THE CLENCH FISTS OF THE 1968 OLYMPIC GAMES


The Black Power salute was a noted human right...

Tommie Smith and John Carlos

FEBRUARY IS BLACK HISTORY MONTH

The fight against racial discrimination was taken to the biggest world stage ever during the track and field competitions in the 1968 Olympic Games in Mexico.

Tommie Smith from the USA a holder of seven gold medals wins the 200 meters with a time of 19.83 seconds and breaks the 20 seconds barriers in this discipline.
Peter Norman an Australian is second with a time of 20.06 and John Wesley Carlos, USA, is third with a time of 20.1 sec.

Tommie Smith and John Carlos are black Americans and on the winners podium received their medal.

Both have a black leather glove in one hand and are not wearing shoes but only black socks.
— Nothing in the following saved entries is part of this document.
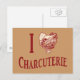 La charcuterie est un terme de la gastronomie française qui décrit les viandes conservées. Un cadeau parfait pour un gourmet ou un amateur de nourriture, ces tee - shirts graphiques et autres objets ont l'expression "I heart charcutrie", avec le coeur formé de saucisses, jambon, terrines et autres conserves de viande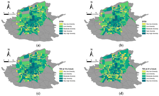 Distribution of temporal diversity index of blocks in Xi’an. (a) The DTDI; (b) TDI at 8:00; (c) TDI at 14:00; (d) TDI at 21:00. (Grey areas indicate regions with no data).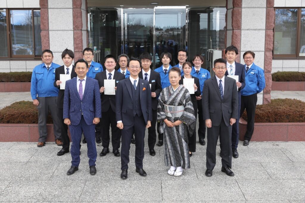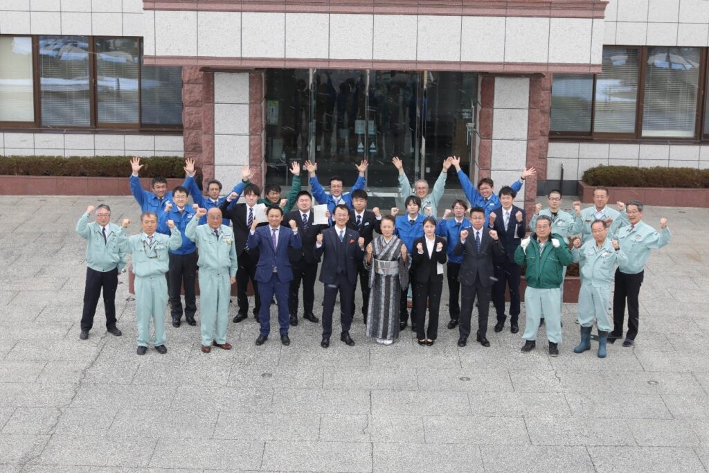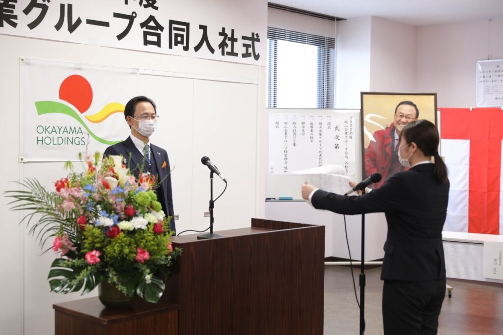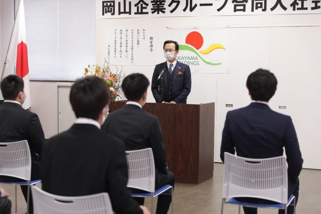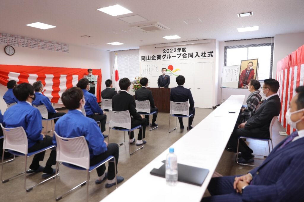 2022年4月1日、岡山企業グループ合同入社式を岡山建設において、岡山信広同グループ代表企業㈱岡山建設代表取締役社長はじめ構成企業代表者等の出席のもとで実施しました。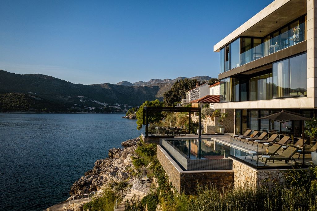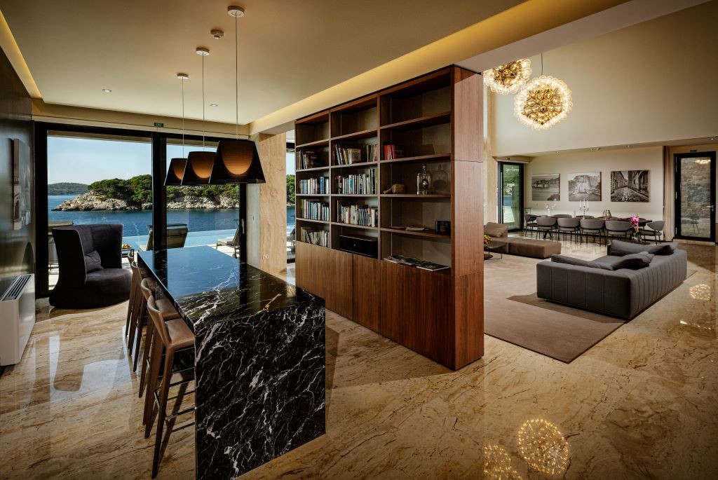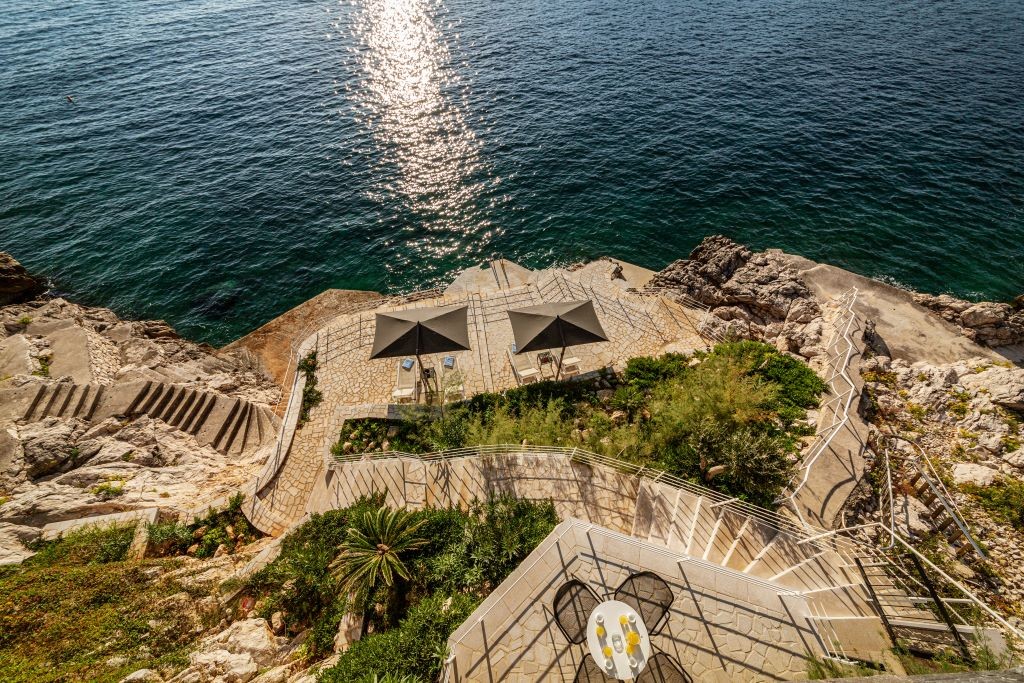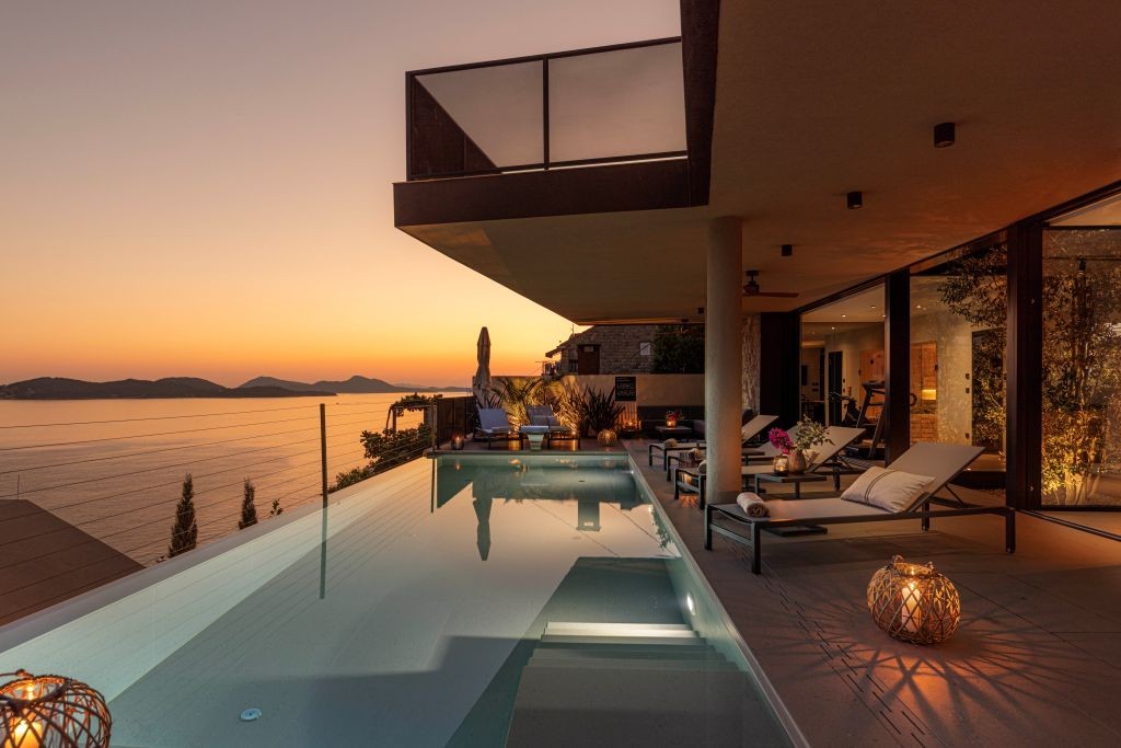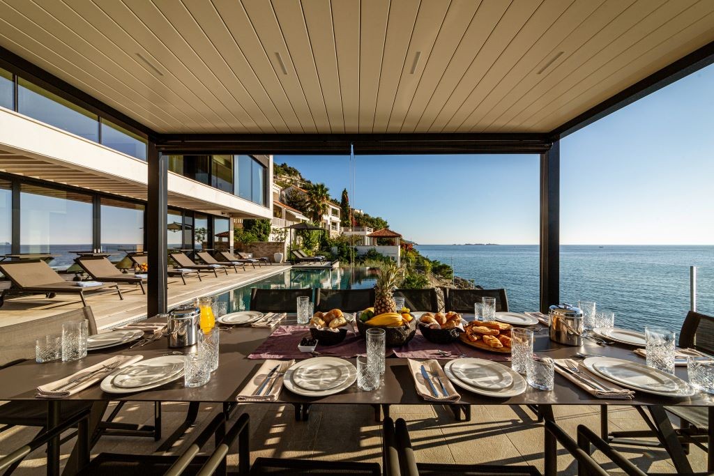 Outdoors, the villa revolves around its infinity pool and breathtaking ocean vistas. A wide, sun-drenched terrace with plush loungers invites hours of relaxation, while the spectacular cliffside alfresco dining area provides the perfect setting for magical sunset dinners. From the terrace, steps descend to a private stone beach plateau with its own berth—perfect for embarking on boat excursions along the spectacular Dalmatian coastline.

They stand being Peter Norman when the “stars and stripes” is hoisted and “The Star-Spangled Banner” plays and they both raise a clench fist as a silent protest of black discrimination in the USA.
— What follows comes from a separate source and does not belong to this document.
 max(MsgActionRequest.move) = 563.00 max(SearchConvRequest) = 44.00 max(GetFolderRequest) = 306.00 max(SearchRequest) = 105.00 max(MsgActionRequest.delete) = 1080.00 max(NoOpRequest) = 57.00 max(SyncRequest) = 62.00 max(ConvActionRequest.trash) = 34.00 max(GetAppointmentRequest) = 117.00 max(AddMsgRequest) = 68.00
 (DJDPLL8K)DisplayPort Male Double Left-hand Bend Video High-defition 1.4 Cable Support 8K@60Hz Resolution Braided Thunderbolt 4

The majority of the 83,000 spectators in the stadium Estadio Olímpico Universitario jeer after the American flag is fully hoisted and the national anthem stops playing.

Later on, Tommie Smith, in an interview said “If I win I am an American, not a black American. But if I did something bad then they would say ‘a Negro’. We are black and we are proud of being black.
“Black America will understand what we did tonight.”

For their action the Olympic committee banned Tommie Smith and John Wesley Carlos for life and both are immediately sent back to their country.